For the second objective, when generating a large volume of random
numbers, requirements for RNG differ:

  1. Issue of numbers, statistically indistinguishable from random ones.
  2. Impossibility to predict sequences being generated without knowing
    an internal state of the generator.
  3. Maximum possible performance.

RNG for key generation

RNG for key generation that is used in the DiskCryptor, belongs to the
accumulative RNG type with multiple sources of entropy. RNG of this type
accumulates minor entropy values over a long period of time, following
that it is capable of issuing a truly random sequence having size of up
to 640 bytes, afterwards, pseudo-random sequences will follow up until a
new accumulation of entropy.

As a basis for the RNG architecture,
SHA-512 hash function and
AES-256
block cipher are taken. The choice of this function is made because of
its simplicity, good performance and high reliability, though less
stringent requirements are set for hash in this case than, for example,
when using it for the digital
signatures
. The hash
function used, has to have the following properties:

  1. Statistically random output on casually-random input data.
  2. Dependence of each output bit of hash on all the input bits. On a
    change of one bit on an entry, no less than a half of output bits
    has to alter.
  3. One-sidedness. Recovery of an entry data based on its hash value has
    to be impossible. This characteristic is very desirable, but a part
    of RNG properties are retained even without its presence.

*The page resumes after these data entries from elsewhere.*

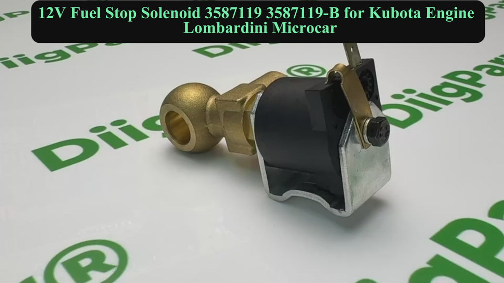 • DiigParr 12V Fuel Stop Solenoid engineered for Kubota and Lombardini engines, including Microcar applications.
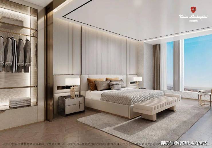 杭州托尼洛·兰博基尼行政公寓:产品设计首开建面约230-420㎡建面约230㎡参考总价800万起,3房3卫双主卧设计,约40㎡主卧奢配独立衣帽间.建面约420㎡,总价1300万起,4套房+1书房+1保姆房,客厅超13米弧形巨幕,精装交付(装修标准约1.8万/㎡)
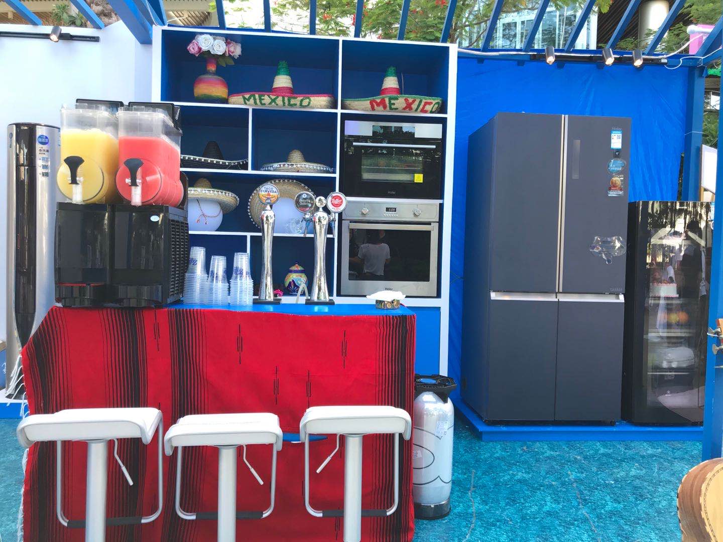 來到水吧,你可以看見冰箱、冰吧裝滿琳瑯滿目的酒水,來到現(xiàn)場(chǎng)的人們可以盲選3類基礎(chǔ)酒,自己或請(qǐng)調(diào)酒師為你調(diào)配一杯今天的lucky drink。冰箱里填充了滿滿的食材、水果,想吃各類冰沙都可以現(xiàn)場(chǎng)制作體驗(yàn)。來到廚電區(qū)域可以品嘗由海爾烤箱現(xiàn)場(chǎng)制作的小餅干,焦香酥脆讓你流連忘返。

Simplified block scheme of RNG looks the following way:

Simplified block scheme of DiskCryptor's RNG

Accumulation of random numbers

This is being done by hashing a seed together with a timestamp and a
reseed counter. Adding both timestamp and reseed counter prevents
generation of identical hash values on a same seed. The obtained hash is
added to the random number pool by means of addition with respect to
base 28 with existing content of the pool, and that creates a dependence
of content of the pool on all random number additions made earlier.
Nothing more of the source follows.